60s: avant-garde electronica
70s: glam pop made for enticing minors
80s: anti-luddite pop symphonies
90s: quiet storm
00s: British rap about how you’re going to make it
10s: Oxbridge festival indie
20s: confused class war country

2 Likes

60s: pop
70s: pop
80s: pop
90s: pop
00s: pop
10s: pop
20s: pop

image

6 Likes

60s: Neil Young
70s: Neil Young
80s: Neil Young
90s: Neil Young
00s: Neil Young
10s: Neil Young
20s: Neil Young

(Admittedly 80s and 00s to 20s NY is pretty ropey)

2 Likes

Mine:

50s Frank Sinatra
60s Rock and Roll
70s Rock
80s Sad British stuff in a van or a taxi
90s Britpop and Triphop
00s Indie
10s Pop
20s Magdalena Bay

6 Likes

00s Nu-Metal
10s Nu-Nu-Metal
20s Nu-Metal

3 Likes

I changed my vote a few times for the 90s, because I think it depends a little on UK vs US and elsewhere. But overall I reckon that grunge and the alt rock movement that followed, with major labels taking chances on previously unmarketable bands, probably take it. While if you look at the UK exclusively, dance was the main cultural force. (And obviously the peak of rap music can feel a bit hard done by missing out.)

1 Like

I reckon that globally dance smashes it in the 90s - maybe the first truly global music?

You forgot about Graceland :smile:

1 Like

00s: Crabcore

4 Likes

In what sense? What type of dance music? The US was pretty allergic to dance music in the 90s, outside of creative hubs in Detroit, Chicago, NY and Miami. Neither Latin America nor the Caribbean had taken to electronic forms of dance music, beyond a few rare examples. House started to really take off in South Africa and spread to some other parts. Was Asia big on dance music in the 90s outside Japan and like white European kids in Goa?

Feels like a mostly European phenomenon to me, whereas nowadays you really have a truly global electronic dance scene.

1 Like

80s: The Cure

1 Like

Is it harder to answer these once you get to the 90s because i lived through them or because everything got more diffuse at that point?

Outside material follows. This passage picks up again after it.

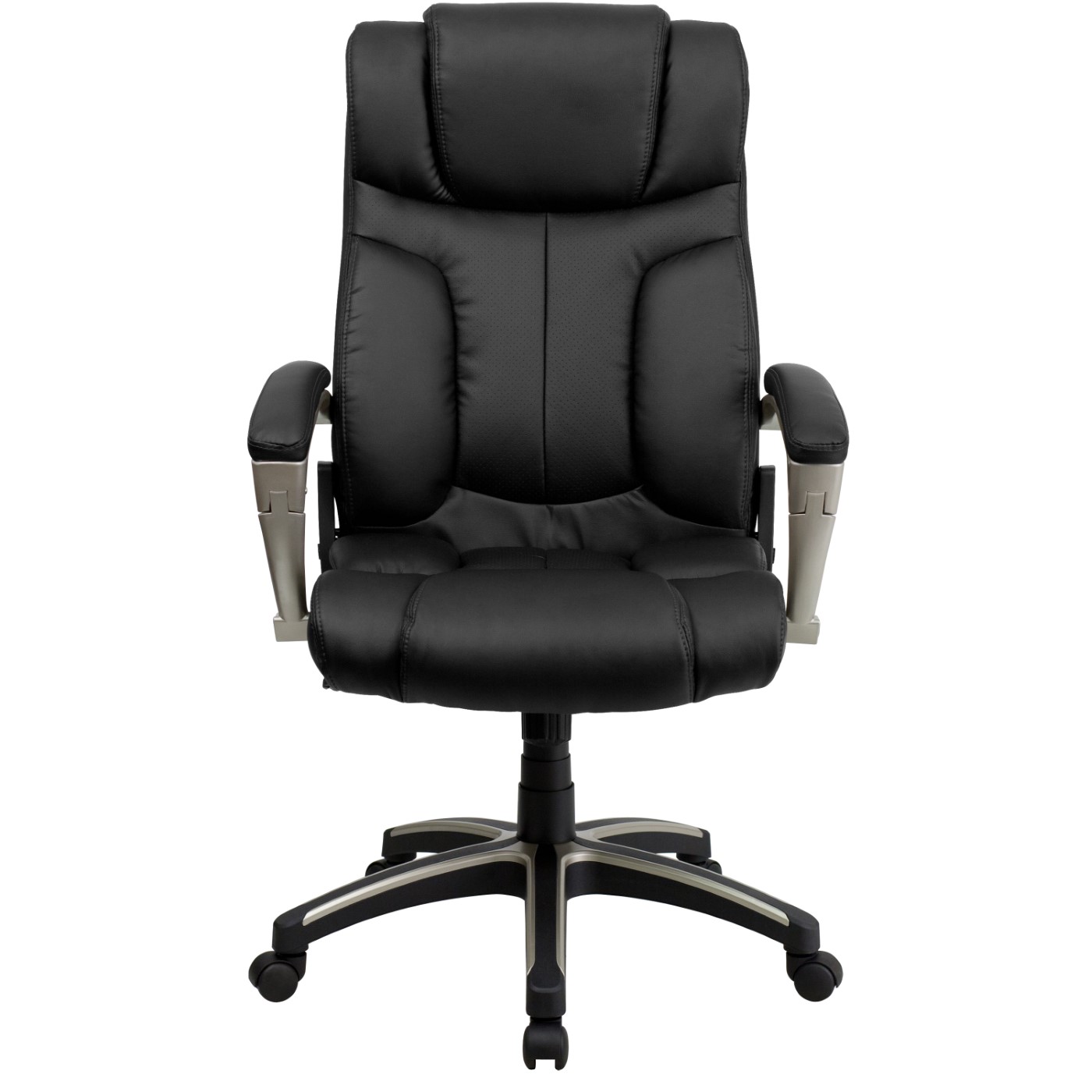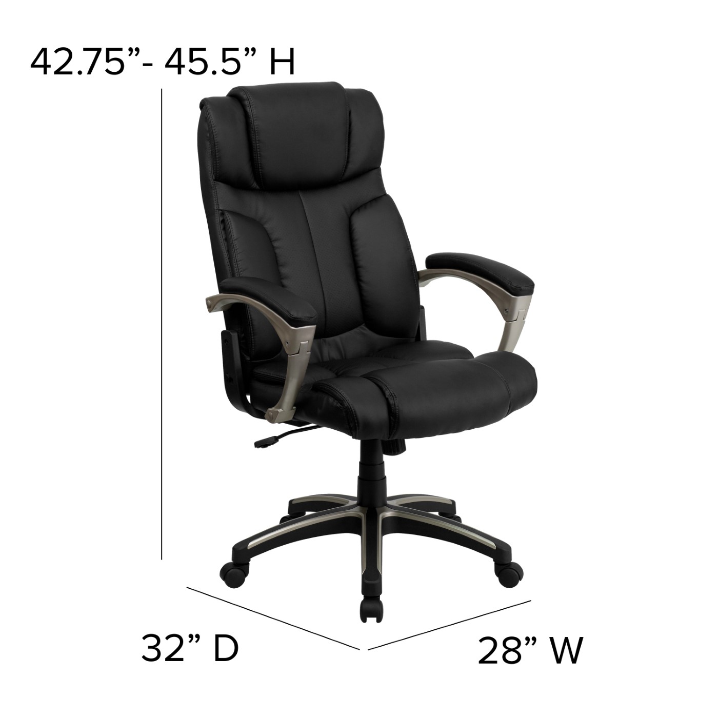 HIGH BACK FOLDING BLACK LEATHERSOFT EXECUTIVE SWIVEL OFFICE CHAIR WITH ARMS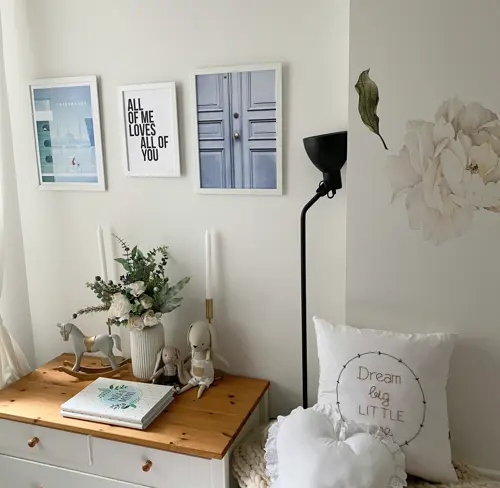 Разнообразить фотоколлаж можно постерами с любимыми цитатами и рисунками. Например, их можно повесить на стену, поставить на полку или комод вперемежку со снимками.

The irony of it all is that the legacy of the 80s was considered rubbish in the early 90s, all in the name of “good taste.” But the synthpop sound has come back with a vengeance, and this revival has been going on for twenty-five years, which is unprecedented. And it’s not stopping anytime soon. It’s everywhere, so much so that no one is paying attention.

One might wonder who was right and who was wrong about the legacy of the 80s all this time.